- Born: September 30, 1981 (age 44) Lake Alfred, Florida, U.S.
- Occupation: Wakeboarder
- Years active: 1994-present
- Parent(s): Pete Bonifay and Betty Bonifay

= Parks Bonifay =

American professional wakeboarder

Parks Bonifay (born September 30, 1981) is an American professional wakeboarder.

==Life and career==
Bonifay was born in Lake Alfred, Florida. He became a professional wakeboarder in 1994. Parks began competing as a 14-year-old, winning the X-Games in his first visit. He has held many major titles including the Pro Wakeboard Tour titles in 1999 and 2001. He began waterskiing at the age of six months and 29 days old, setting a new world record.
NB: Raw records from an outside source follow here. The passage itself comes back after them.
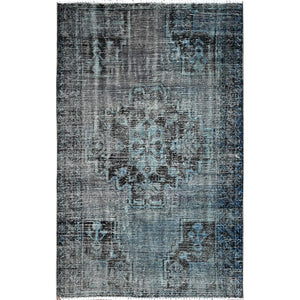 8'5"x11'4" Yale Blue, Overdyed Vintage Persian Heriz With Large Medallion, Worn And Distressed, Shaved Low, Zero Pile, Sides And Ends Professionally Secured, Hand Knotted, 100% Wool, Oriental Rug FWR7656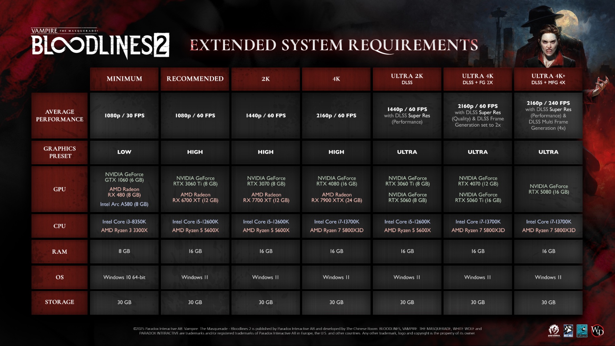 38 thoughts on “Vampire: The Masquerade – Bloodlines 2 Gets Final PC Requirements”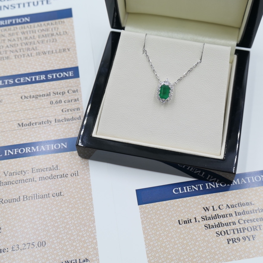 A brand-new, unused, certified natural diamond & emerald gemstone cluster pendant, with one octagonal step-cut emerald gemstone at the centre & a cluster of brilliant-cut diamonds in a halo setting, set in 18ct white gold.

He became the first documented wakeboarder to land the 1080 (a switch toeside 1080), doing so at a Bill Doster photoshoot in 1999.

Bonifay was a recurring star on MTV's extreme action sports show Nitro Circus. He is sponsored by Ronix, Fox, Red Bull, Spy, MasterCraft, and Performance Ski & Surf.
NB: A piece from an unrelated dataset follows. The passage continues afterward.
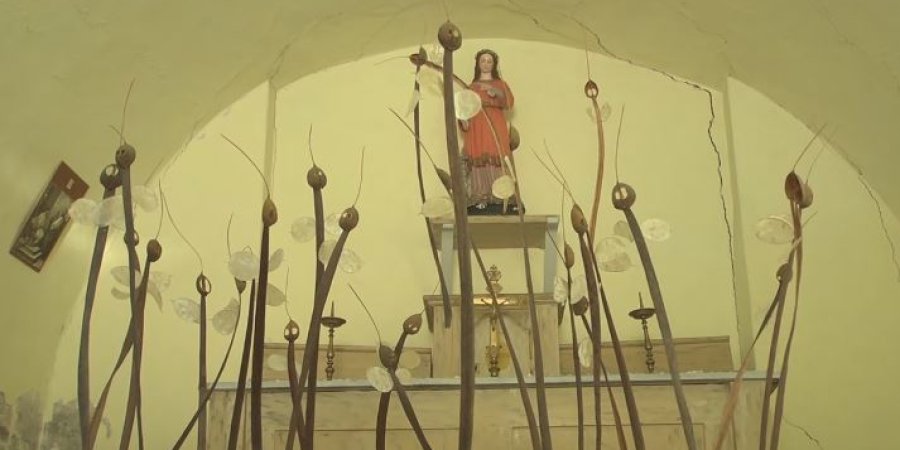 Journée du Patrimone à la Roche des Arnauds avec la visite d'une petite chapelle près du col de la Plaine. Une assemblée des fées se tient en son centre, et plus loin, sur un sentier, se trouve un arbre à pied, et une sculpture étrange. Marie-Sophie Koulischer, l'artiste qui a réalisé l'assemblée des fées:*

A full-length feature documentary on Bonifay's life was released on August 21, 2009, titled The Parks Documentary. It chronicles the story of his life, from his roots in water skiing and show skiing via his parents and grandparents, to his exploits, accomplishments, and overall success in the world of wakeboarding the past 12 years.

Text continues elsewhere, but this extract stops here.